It is true, though, that in practice, when people use the old Latin pronunciation, they often place a special stress on a final *i*. This is not however a natural or correct rendering of the old pronunciation. People do it simply to emphasise the fact that they are pronouncing Latin, or to show the listener that they are using a Latin plural.

Thus people will say 'hippopotami' (vowel sounds: 'sit', 'so', 'sot', 'sat', 'sigh') with a final stress, as if to say:
 'You may be expecting me to say 'hippopotamuses', but I am a knowledgeable person who uses the correct Latin plural'.


----------



## wandle

Why did the English usage arise in the first place? Religion, politics and laziness probably all played their part.

In England, unlike Germany, say, Catholicism was almost completely wiped out following the Reformation. The monasteries were dissolved by Henry the Eighth. A vast reservoir of continental pronunciation of Latin was lost. There may also have been in the universities and law schools a deliberate fostering of an English pronunciation as a reaction against Romanism. Thus it may have developed as a defiant assertion of English independence of Rome, rather as Webster's Dictionary was conceived deliberately as an assertion of American cultural independence of Britain.

There had of course also been a much earlier and stronger break with Latin culture, when the Romans withdrew from Britain in face of the Anglo-Saxon influx. The Romans arrived in Britain late and left completely. The regions taken over by Angles and Saxons reverted to paganism.
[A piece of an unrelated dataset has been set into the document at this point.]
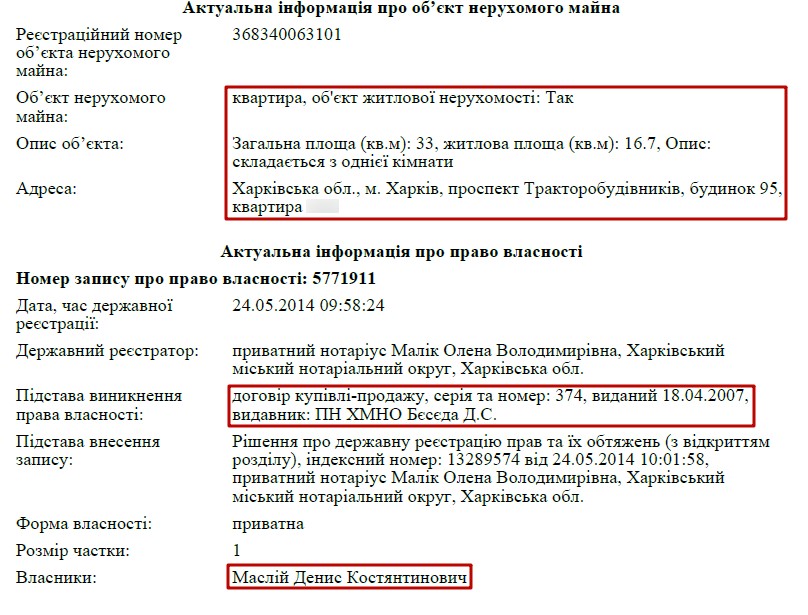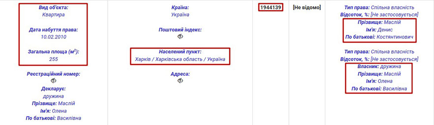 В непосредственной собственности Дениса Маслия с 2016 года есть дом и земля под ним в с. Протопоповка, что недалеко от Харькова. Общая площадь этого жилья 246 кв. м. Кроме этого, прокурор вместе с женой являются владельцами еще 6 соток земли в этом же селе.

On the continent, although Germanic invaders spread far and wide to the south, their incursions did not have the effect of obliterating Roman language and culture, as happened here.

So please have some pity on us poor benighted Britons, sitting on our cloudy island, cut off from the mainstream of Romano-European culture and forced to do our best on our own.


----------



## aefrizzo

*Andiamo*, Wandle!
I appreciate your sarcasm but do not deserve it. I am just curious as every youngster of my generation, actually I like "your best" as much as any other European one. If my questions hurted you I am sorry.
Notice, please:
1) In my first post I was talking of "imagining a non-existent rule".
2) For a complete understanding of the topic I found your posts(#6-7) very helpful.
3) The way you report the vowel pronunciation (rhyme with...) is to me much more practical than IPA symbols.
Have a nice summer.


----------



## wandle

aefrizzo said:


> *Andiamo*, Wandle!
> I appreciate your sarcasm but do not deserve it. I am just curious as every youngster of my generation, actually I like "your best" as much as any other European one. If my questions hurted you I am sorry.


You know, I did not intend any sarcasm. No hurt felt or intended. My last remark was only meant humorously, in the self-deprecating English style (as we see it). Thanks for the appreciative comments.


> Have a nice summer.


You too.


----------